NOTE: in the following file specifications, words entered all in CAPS are keywords to be used to easily identify the information contained on that line or in that section of the file. All population numbers are entered as integers. All values are separated by commas, so no extraneous commas should occur in country names or in projection names.

Each population line consists of five numbers separated by commas:

```
Year, 15-49_or 15+_population, 15 year olds, 50 year olds, net_migration_15-49_or_15+
```

Population values will be provided for the full epidemiological projection period, from the projection start year to the projection end year.
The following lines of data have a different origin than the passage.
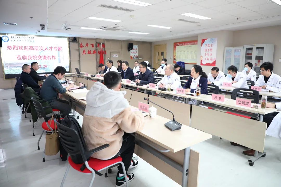 近日,复旦大学附属医院李明教授、医学院张思教授、姚定金博士;同济大学附属医院张国龙教授,上海九院杨雅骊教授、上海交通大学医学院马丽杰博士、上海研究院副院长周行,七位专家赴学校第一附院参加医院“快速融入‘长三角’高层次人才交流与合作接洽会”。一附院党委书记杨立新、执行院长刘新矿,副院长曾兆波、谢应海,院党委委员、高新区分院院长荣向霞出席会议。普外科、心血管内科、肿瘤内科、皮肤科四个临床科室负责人及部分职能科室负责人参会。谢应海主持会议。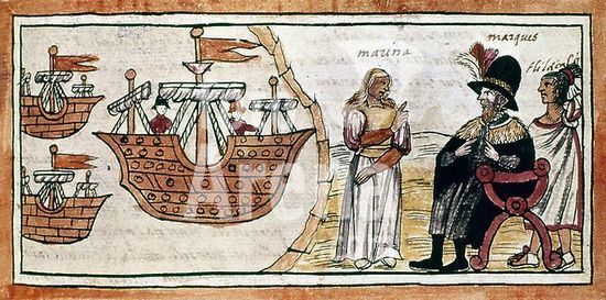 orz000828 Spanish school. Conquest of Mexico : Arrival of Ships and Hernan Cortes is Meeting Marina. Conquista de Mexico : Llegada de naves y Hernan Cortés conoce a Marina. 16th century manuscript. Madrid, national library. Author: DIEGO DURAN DIEGO (1537-1588). Location: BIBLIOTECA NACIONAL-COLECCION. MADRID. SPAIN. HERNAN CORTES. MARINA DOÑA. Malinche.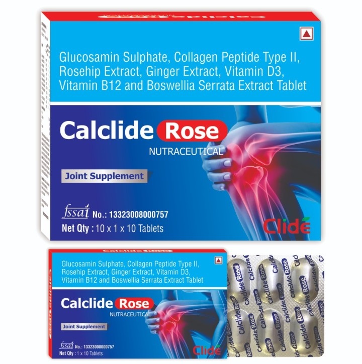 Calclide Rose ek advanced joint support formula hai jo natural extracts aur zaroori nutrients ka ek powerful blend hai. Isme Glucosamine, Collagen Peptide Type II, aur Rosehip Extract jaise tatva hain jo joints ki flexibility badhane aur dard kam karne mein madad karte hain. Yeh tablets cartilage ki repair aur inflammation (soojan) ko kam karne ke liye banayi gayi hain, taaki aapki mobility bani rahe.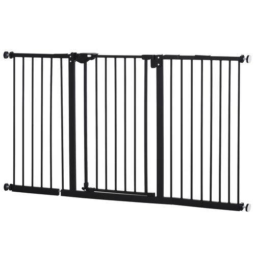 Keep your pets safely contained with the PawHut Adjustable Safety Gate, featuring 3 extensions, 4 adjustable pressure screws, and a sturdy steel frame for secure, tool-free installation.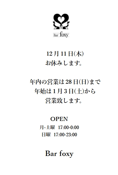 HOME > お知らせ > お知らせ 12月, 年末年始のお知らせ 投稿日:2025年12月1日 12月は11日(木)お休み。 年内は28日(日)まで 年始は1月3日(土)から営業致します。 Twitter Share Pocket Hatena LINE コピーする -お知らせ -2025, 2026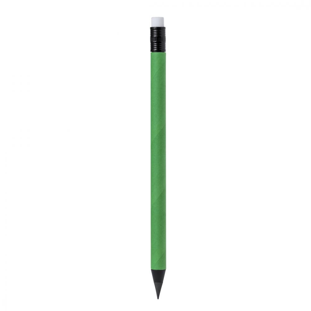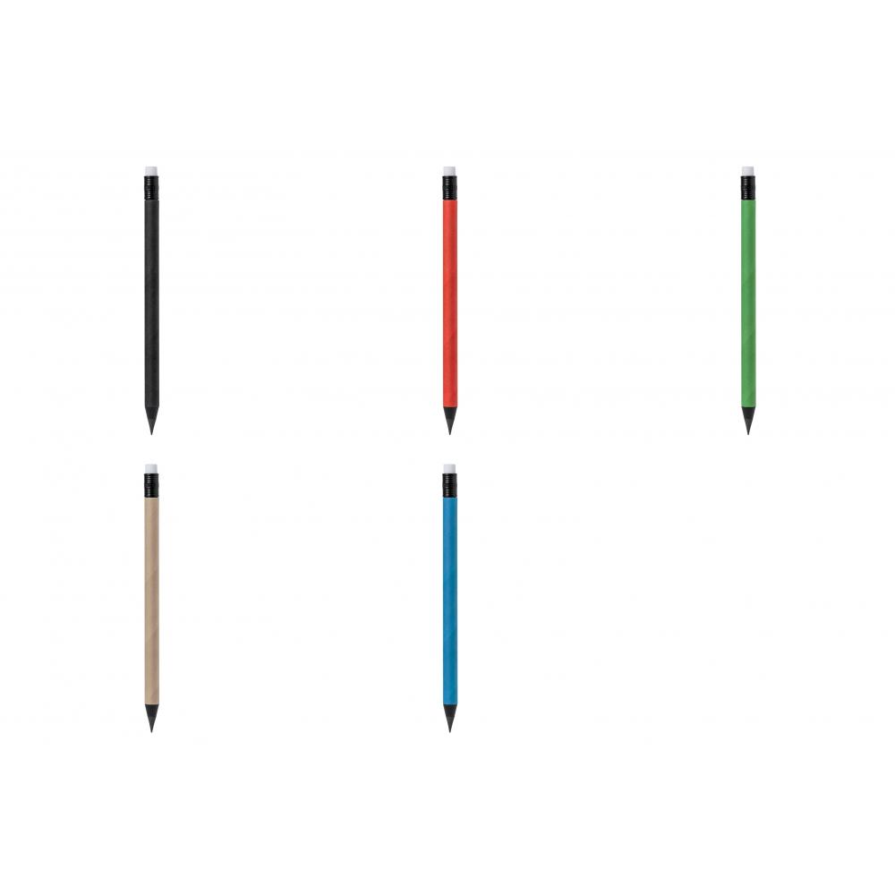 Характеристики Вечный карандаш из переработанного картона. Многоразовый и с бесконечной возможностью писать, чтобы всегда использовать один и тот же карандаш и не создавать отходов. Включает ластик на верхушке карандаша, с логотипом из переработанного картона на одном из концов корпуса. Доступен в широкой цветовой гамме. Переработанный картон происходит из повторного использования производственных излишков и переработки бумаги в конце ее срока службы, что делает его экологичным и устойчивым материалом. Переработанный картон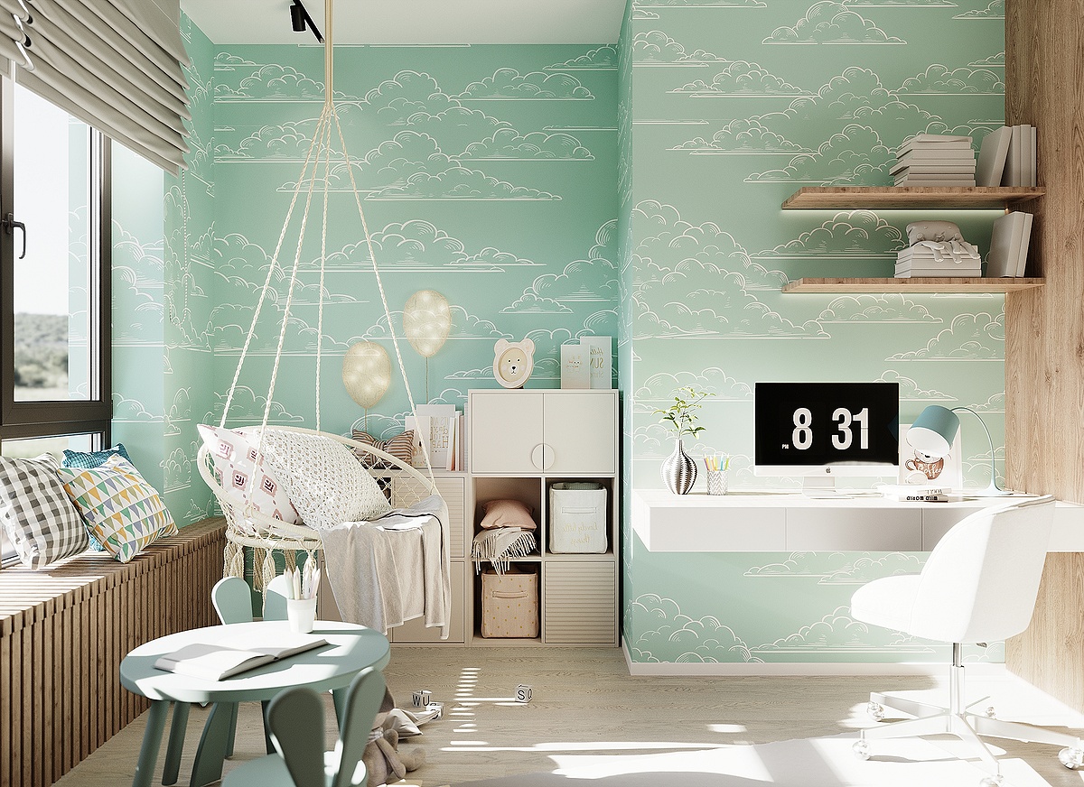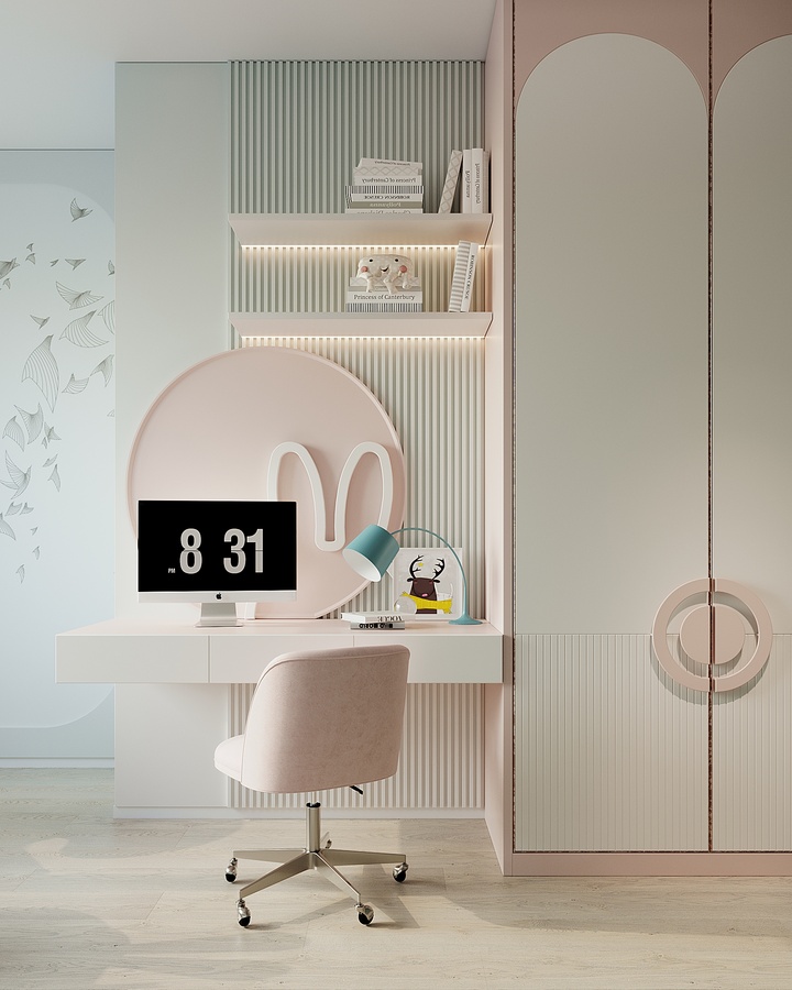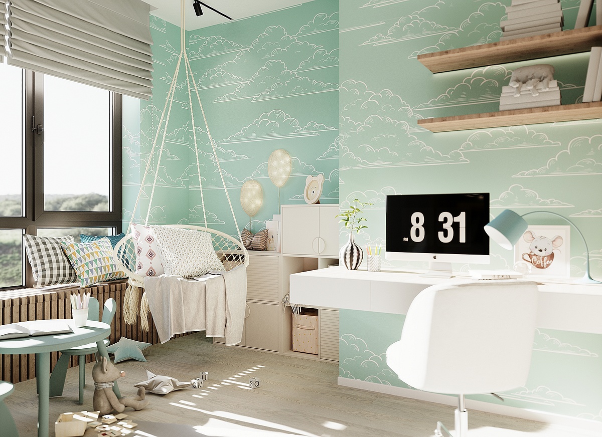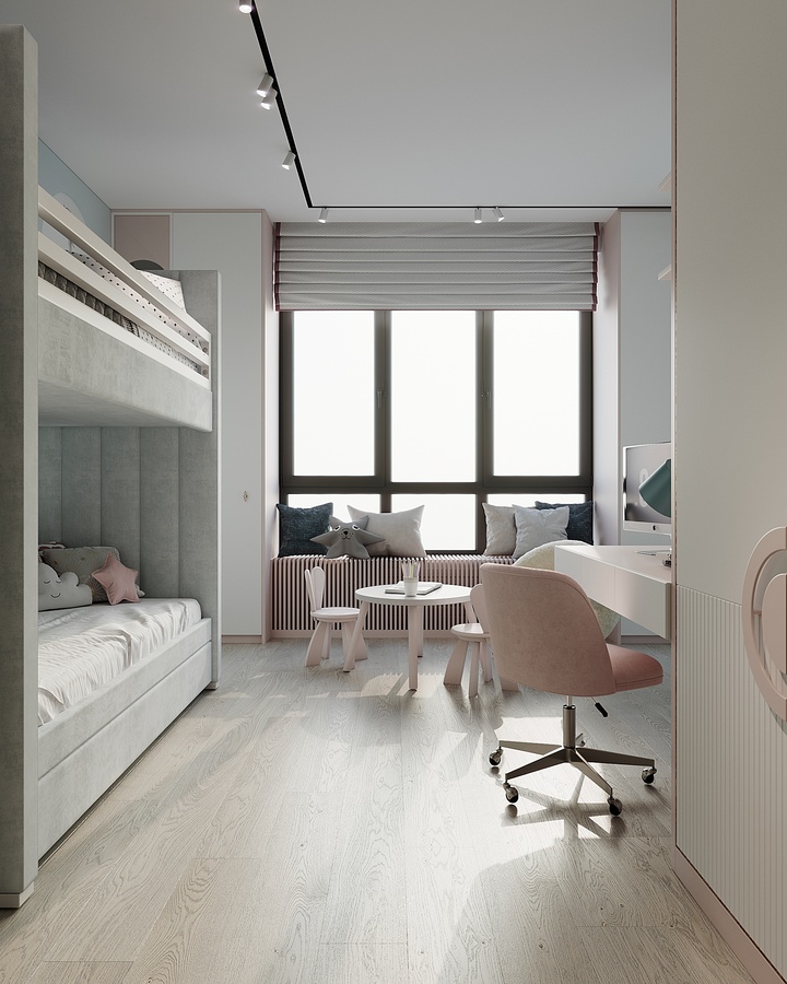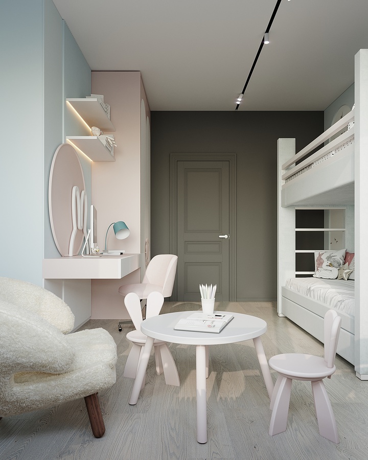 В рамках проекта было разработано несколько вариантов интерьера. Например, первоначальный вариант детской комнаты был оформлен в более светлых оттенках и имел меньше мест хранения.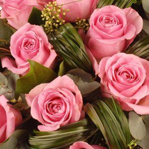 Notre bouquet rond est composé de délicates roses roses, de beargrass retourné et d’autres feuillages tels que le skimmia, l’eucalyptus et le salal. Le prix des roses peut varier en fonction de la variété et de la période, ce qui peut entraîner un nombre différent de tiges pour un bouquet au tarif affiché.

The format for the `ep1` file is as follows

```
                                              //Same as the invoking argument for 
                                              //country name (may have blanks but
COUNTRY,country name,country code             //no commas), country code is UN code
PROJNAME,“C:\Users\tim\DATA\proj_name.PJN”    //Same as invoking argument(fully
                                              //qualified filename for base proj file)
FIRSTPROJYR,1970                            //First year of the epidemiological projection
LASTPROJYR,2016                             //Last year of epidemiological projection
IDUMORT,1.07                                //Excess IDU mortality in percent per year
AGERANGE 15-49                              //The age range surveillance data addresses
POPSTART                                    //Start of the non-AIDS population projection
1970,3459875,148280,98854,34589
1971,3632868,155694,103796,35281
1972,3814512,163479,108986,35986
1973,4005237,171653,114435,36706
1974,4205499,180236,120157,37440
1975,4415774,189247,126165,38189
...
2012,8900434,381447,254298,65234
2013,8989438,385262,256841,65886
2014,9079332,389114,259410,66545
2015,9170126,393005,262004,67211
2016,9261827,396935,264624,67883
POPEND
```

For example, here are the first few lines from the file for Peru:

```
COUNTRY,Peru,604
PROJNAME,C:\Users\Tim Brown\AppData\Roaming\Futures Institute\Spectrum\Temp\Peru 2015 FinalPJNZ~BC99.tmp\Peru 2015 Final.PJN
FIRSTPROJYR,1970
LASTPROJYR,2021
IDUMORT,1.07
AGERANGE 15-49
POPSTART
1970,5928014,291589,83621,0
1971,6117343,300730,86139,0
1972,6314019,310432,88774,0
1973,6518406,320827,91641,0
1974,6731110,332084,94737,0
1975,6949523,343962,98008,-3022
1976,7175224,356148,101368,-4632
1977,7408225,368362,104835,-6078
```

### `typ` - type of the EPP workset either `GENERALIZED` or `CONCENTRATED`

File is used to communicate epidemic type back to Spectrum. It consists of a single line containing either
`GENERALIZED` or `CONCENTRATED` depending on type selected by user.

### `ep4` - ART data and parameters

The `ep4` file provides the information about antiretroviral therapy using the CD4 compartment model adopted in Spectrum. This includes the following parameters (with associated keywords indicated in parentheses):

* CD4 lower limits (`CD4LOWLIMITS`): the lower CD4 limit for each of the CD4 compartments in the model
* Lambda (`LAMBDA`): the progression rate through the CD4 compartments
* Distribution of new infections (`NEWINFECTSCD4`): the percent of new infections going into each of the CD4 compartments
* Mortality when not on ART (`MU`): the annual mortality of those not on ART
* Mortality on ART (`ALPHA1`, `ALPHA2` and `ALPHA3`): the annual mortality for those on ART for the 1st 6 months, 2nd 6 months and for more than one year
* Infectivity reduction (`INFECTREDUC`): the percent by which the person’s risk of infecting another is reduced by being on ART.
* Art coverage specified as number or percent (`ARTSTART`/`ARTEND`).

In addition, this file contains information on the number of HIV-positive 15 year olds entering the 15-49 or 15+ population and the number of HIV-positive 50 years olds leaving the 15-49 population, disaggregated by on ART (`HIVPOS_15YEAROLDS`, `HIVPOS_50YEAROLDS`) and not on ART (`HIVPOS_15YEAROLDSART`, `HIVPOS_50YEAROLDSART`). For 15 year olds a CD4 distribution is provided for both on ART and off ART groups , while 50 year olds are assumed to have the same CD4 distribution as the population as a whole. The file also contains indicators for special populations (`SPECPOP`), the type of ART coverage (`ARTCOVERAGE`: `MALE_FEMALE`, `CD4_PERCENT`, `CD4_NUMBER`) and data on dropout rates (`ARTDROPOUTRATE`) and CD4 medians at initiation (`CD4MEDIAN`).